According to a report by online learning platform A Cloud Guru, 90% of IT leaders expect to expand their cloud services usage over the next one to three years, yet only 56% have an actionable plan to upskill their workforce.
The recently released “State of Cloud Learning Report” revealed interesting trends in cloud adoption and cloud learning statistics. The study frames cloud expertise as a top asset and reveals changing cloud service providers (CSPs) alliances, among other insights.
Below, we cover the top findings from the report. I also chatted with Katie Bullard, president at A Cloud Guru, to dig deeper into critical takeaways.
The Report
A Cloud Guru (ACG) is an extensive educational platform hosting cloud training and certification programs. Earlier this year, ACG questioned its user base on cloud learning and cloud adoption patterns. The “State of Cloud Learning” report surveyed 6,000 cloud learning administrators 20,000 individual leaners.
Cloud Certification > Degree
Amid an increasingly remote economy and developer drought, demand for skilled cloud professionals is rising rapidly. According to the report, 82% of hiring managers say cloud certifications make a candidate more attractive and 87% of hiring managers value hands-on experience and certifications over a university degree. “Gaining cloud expertise is a top skill for anyone entering the tech industry,” Bullard said.
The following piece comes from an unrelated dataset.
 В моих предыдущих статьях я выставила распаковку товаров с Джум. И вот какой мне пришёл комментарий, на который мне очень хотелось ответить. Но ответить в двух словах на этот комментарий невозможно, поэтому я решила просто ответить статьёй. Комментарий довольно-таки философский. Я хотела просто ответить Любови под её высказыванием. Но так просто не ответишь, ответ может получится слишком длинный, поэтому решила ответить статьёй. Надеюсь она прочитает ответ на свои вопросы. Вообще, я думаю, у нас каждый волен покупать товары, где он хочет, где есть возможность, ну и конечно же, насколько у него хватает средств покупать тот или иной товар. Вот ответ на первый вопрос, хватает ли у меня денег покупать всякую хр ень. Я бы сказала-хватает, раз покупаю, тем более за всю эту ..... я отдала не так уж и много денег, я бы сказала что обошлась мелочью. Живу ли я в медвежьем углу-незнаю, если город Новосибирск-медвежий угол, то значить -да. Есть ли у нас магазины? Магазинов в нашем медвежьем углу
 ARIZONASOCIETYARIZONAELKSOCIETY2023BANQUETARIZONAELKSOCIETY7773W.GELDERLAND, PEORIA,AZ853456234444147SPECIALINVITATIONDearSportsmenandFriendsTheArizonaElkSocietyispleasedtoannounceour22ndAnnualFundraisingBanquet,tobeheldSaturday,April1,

It appears cloud expertise is directly correlated to career advancement, regardless of whether candidates possess a traditional degree. Eighty percent of individuals surveyed realize a higher salary as a direct result of cloud certification, and 52% say cloud certifications expanded their career opportunities.
Cloud Acceleration
The cloud is ramping up, as is the need for cloud specialists. Seventy-one percent of leaders surveyed have seen cloud adoption speed their time to value for new products and features. Yet, 80% view a knowledge gap as a top barrier to cloud success. Deployment and orchestration and IT security are leading barriers to cloud success at 40% of institutions.
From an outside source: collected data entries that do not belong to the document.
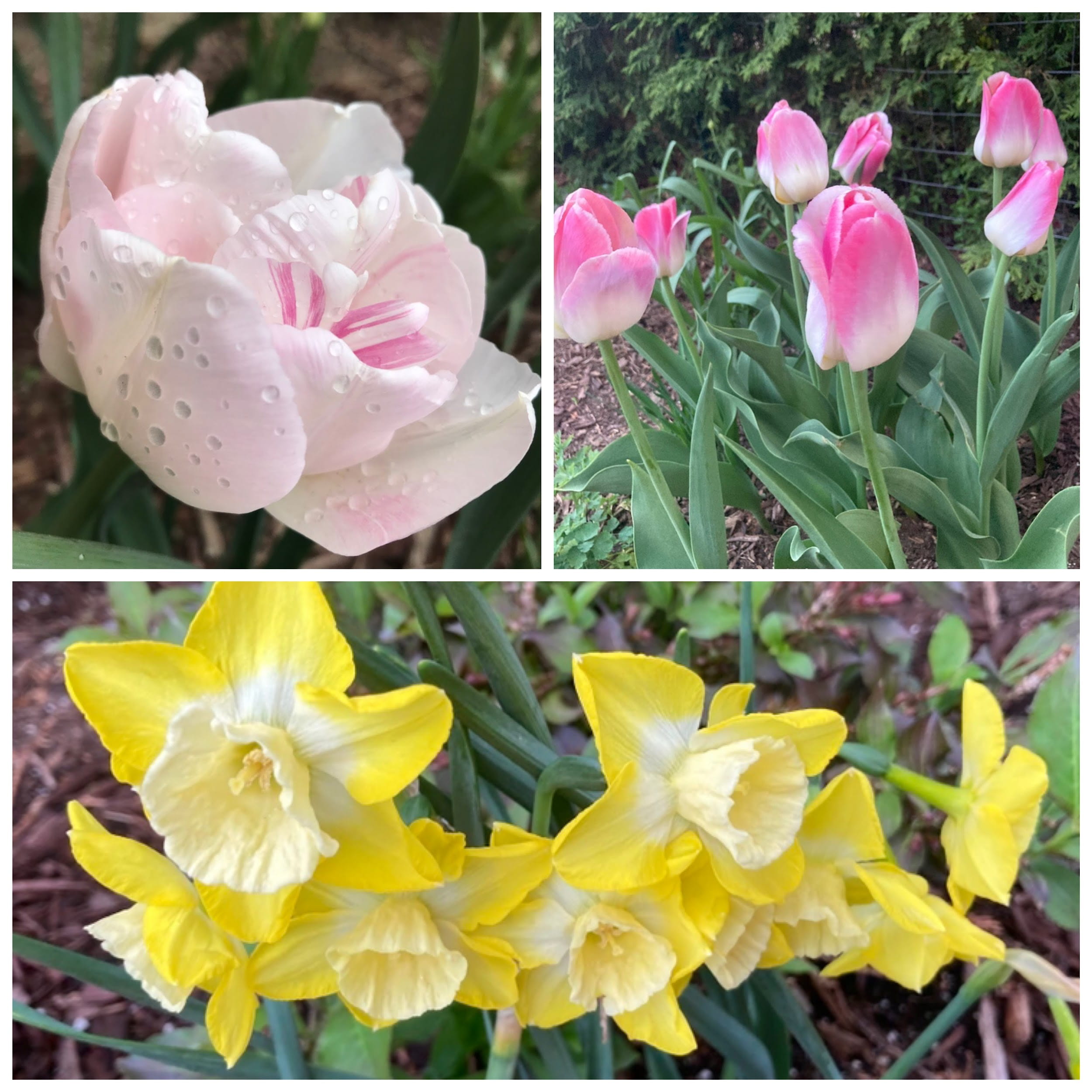 Clockwise from top left: ‘Angelique’ tulip, ‘Kunyun’ Darwin hybrid tulips and ‘Hillside’ daffodils.
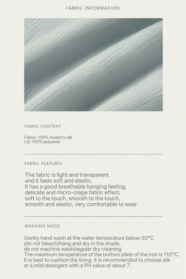 100% mulberry silk feels light and transparent, and the upper body is skin-friendly and soft.
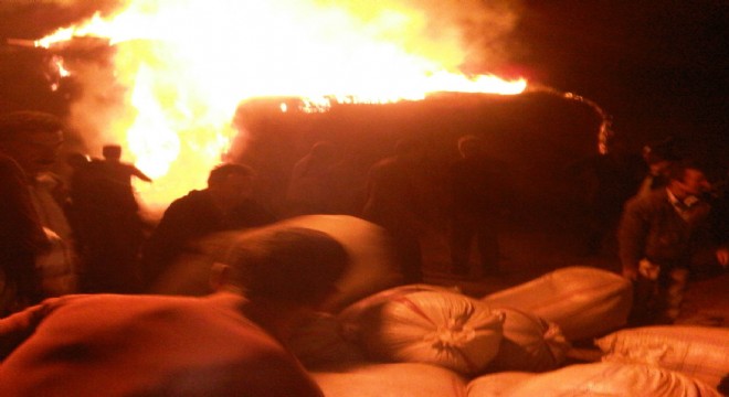 Horasan İlçesine bağlı Iğırbığır Köyünde 25 bin balya ot yanarak kül oldu.
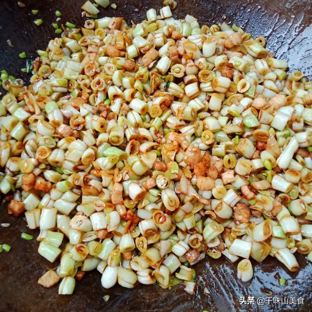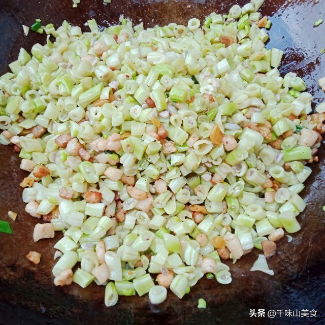 ㈢:锅内加入油烧热,放入五花肉丁,小火煸炒出油,接着放入小米辣,葱花,接着炒出香味,放入豆角大火煸炒!
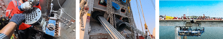 The Mumbai Coastal Road Project (MCRP) represents another landmark assignment, where our scope covered the design, supply and installation-including stressing-of stay cable clevis anchorage hangers, along with the installation of a gigantic girder weighing more than 30 Boeing jets. This critical operation enabled the seamless connection of the coastal road to the Bandra–Worli Sea Link, contributing to one of India’s most complex marine infrastructure corridors.
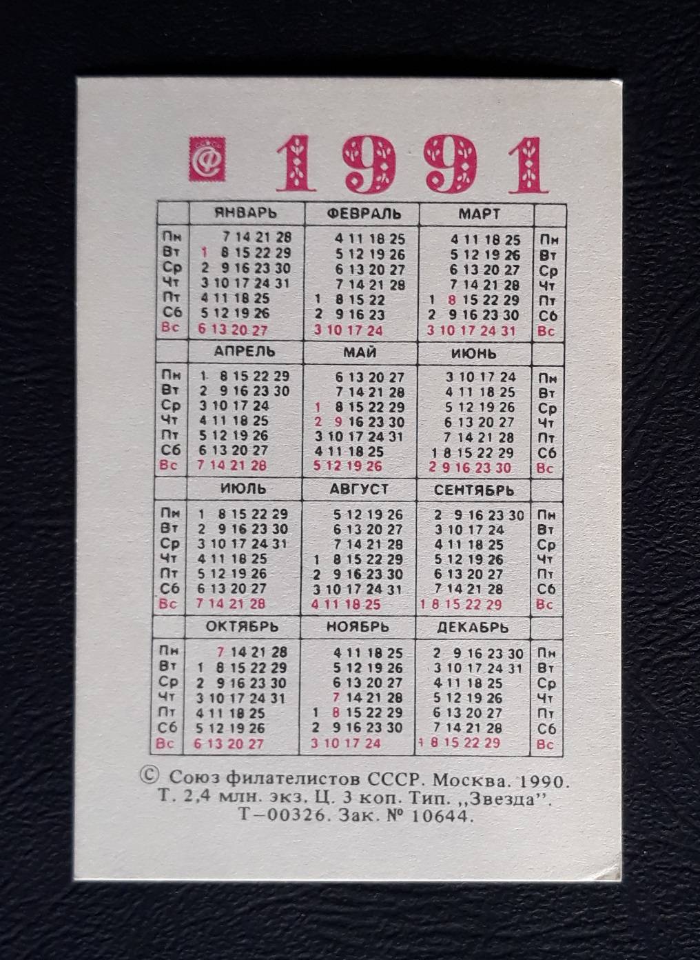 Kalendoriukas CCCP 1991 Filat. WILDLIFE 038
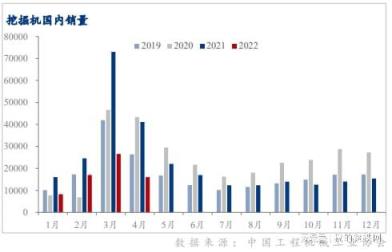 受疫情持續(xù)影響、房地產(chǎn)和基建工程開工率低迷等因素影響, 4月份工程機(jī)械的核心代表挖掘機(jī)銷售量同環(huán)比雙降。
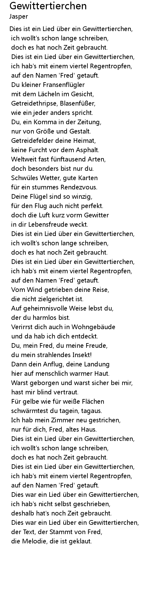 | Dies war ein Lied über ein Gewittertierchen, | |
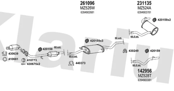 MERCEDES-BENZ VITO / MIXTO Krabice (W639) 111 CDI (639.601, 639.603) - Výfukový systém - kompletní od 9/2007, 2148 ccm, 85 kW, 116 hp, OM 646.980, OM 646.982, Krabice

Cloud agility requires niche skillsets. More often than not, we see those skills cultivated with on the job training. Eighty percent of cloud leaders reported it’s easier to upscale existing talent than to hire new roles. Training benefits both parties, as 94% of employees are likely to stay longer at companies that invest in skills development.
“They can’t solve by just hiring,” noted Bullard. “They must also upscale the current team they have.” As CSPs change so rapidly, continuous cloud education is an ongoing need.
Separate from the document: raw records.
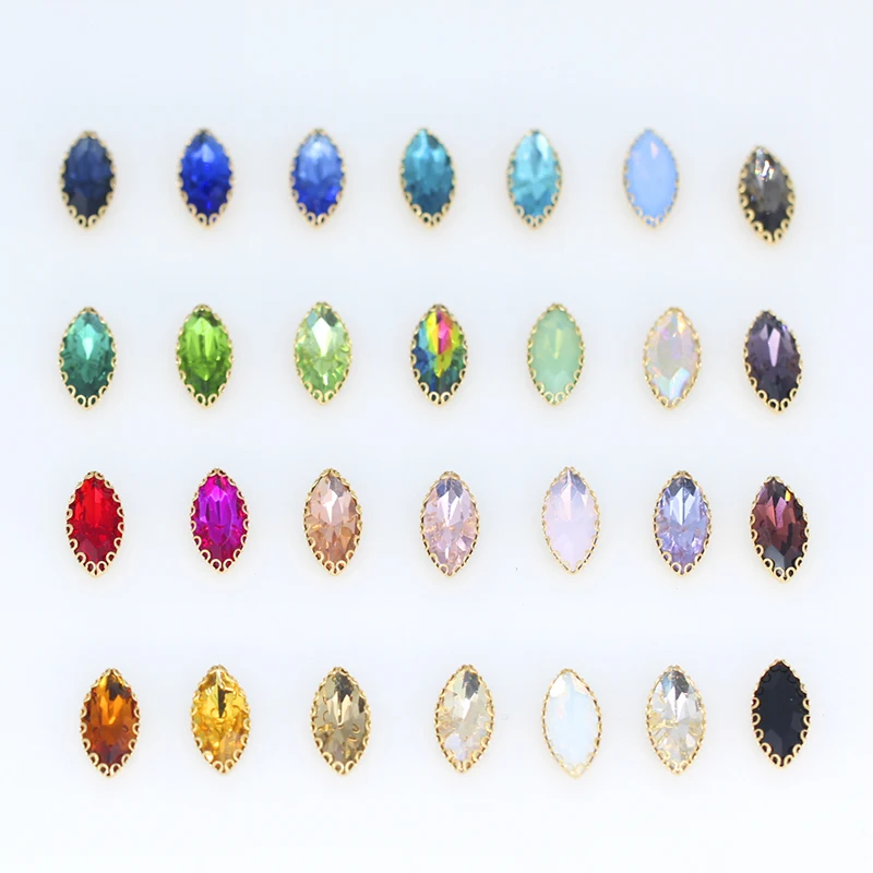 4-32 мм 24 цвета конский глаз Navette кристалл с золотым когтем Маркиза Форма пришить стразы для ювелирных изделий для свадебного платья, сумок отделкаUS $0,99 /
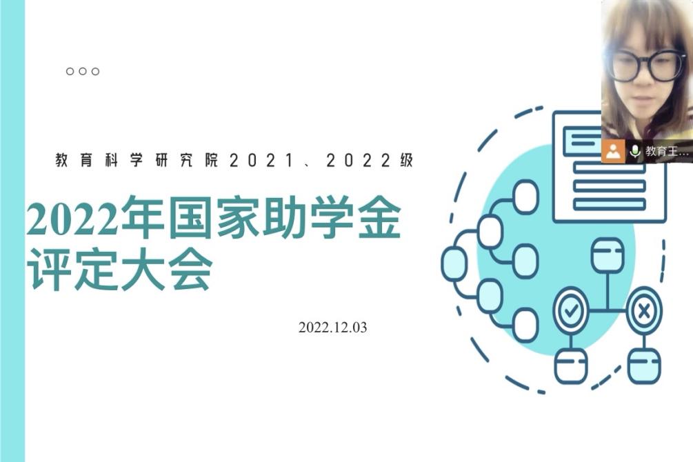 《学生工作部:关于评定2022年国家助学金的通知》的要求,本着公平、公正、公开的原则,根据教育科学研究院2022年家庭经济困难学生认定的实际情况,学院各年级于2022年12月1日至2日在腾讯会议平台开展2022年国家助学金评定大会,本次会议由各年级辅导员主持,各年级相关学生参会。
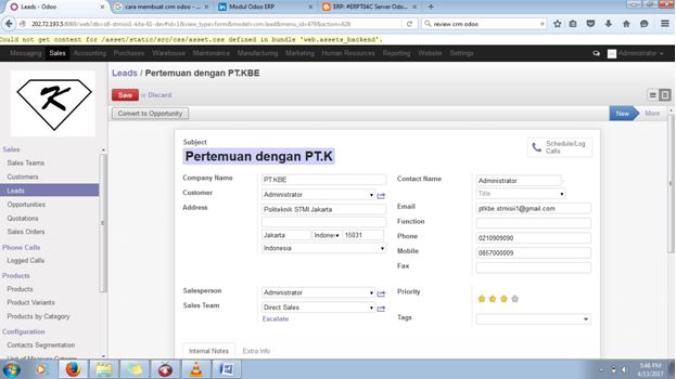 Pada kesempatan UTS mata kuliah Sistem Informasi Industri ini, saya akan meng-upload tentang modul CRM yang telah saya buat dengan Odoo dalam beberapa waktu lalu. untuk informasi selengkapnya, silahkan klik baca selengkapnya dibawah ini :
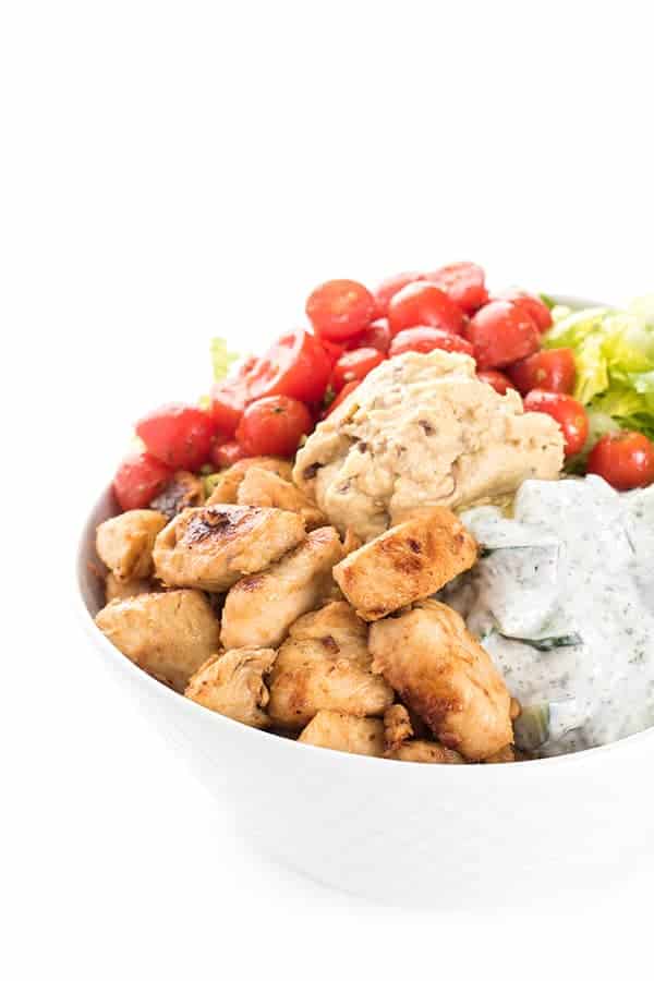 - To assemble, fill each bowl with two cups of romaine and a half cup of cooked grains (if using.) Top with one serving each of the chicken and cucumber Laban. Finally, top with two tablespoons of hummus and 1/4 cup of the tomato mixture. Serve with extra lemons for squeezing before eating!

Azure Popularity Skyrockets
Azure learning is up nearly 800% year-over-year on ACG—an order of magnitude far outpacing 50%–100% for AWS and Google Cloud. The report surmises that this spike in interest could reflect Microsoft’s massive investment in Azure’s marketing in recent years.
Among the three top cloud service providers (AWS, Azure and GCP), AWS still holds dominance. Analyzing the use of its eLearning courses, the ACG report found 76.6% of total view time related to AWS during August 2020.
However, current training doesn’t correlate to which cloud is most desired. Interestingly, when questioned on their desired cloud expertise, respondents ranked the top three providers equally, each at around 50%. Other CSP incumbents Oracle, IBM and Alibaba have also grown in interest.
The Future Is Multi-Cloud
According to the ACG study, 70% of respondents are currently utilizing multiple cloud platforms. The report contends there is tremendous interest in AWS, yet alternative CSPs such as Azure “may provide a unique benefit to some companies.” From arctic code vaults to underwater data centers, Microsoft indeed is innovating, which could influence the future CSP hegemony.
“It’s not that companies are moving away from AWS to Azure,” Bullard noted. A company may port a portion of its load to another cloud “for efficiency benefits, to make the platform fundamentally stronger, or to innovate faster with multiple solutions.”
Hottest Cloud Skills
Besides CSP training, cloud adjacent skills such as container orchestration, infrastructure-as-code and CI/CD tooling have risen with the need for agile deployment. Highlighting the current top cloud skills, DevOps-related technologies including Kubernetes, Terraform, Docker and Ansible are among the top 10 most searched terms on ACG.
“DevOps, as a skill, is still relatively new,” Bullard said. No longer a dedicated side team, DevOps has become integral to the entire development process. “No matter if you’re on a DevOps team or not, it’s becoming integrated into everything a developer is doing,” she noted.
Final Thoughts on Cloud Andragogy
Analyzing the statistics from a cloud learning platform provides a unique window into current cloud implementations and future adoption. In summary, the ACG report demonstrates that:
- eLearning for cloud technology makes candidates more attractive in the job market.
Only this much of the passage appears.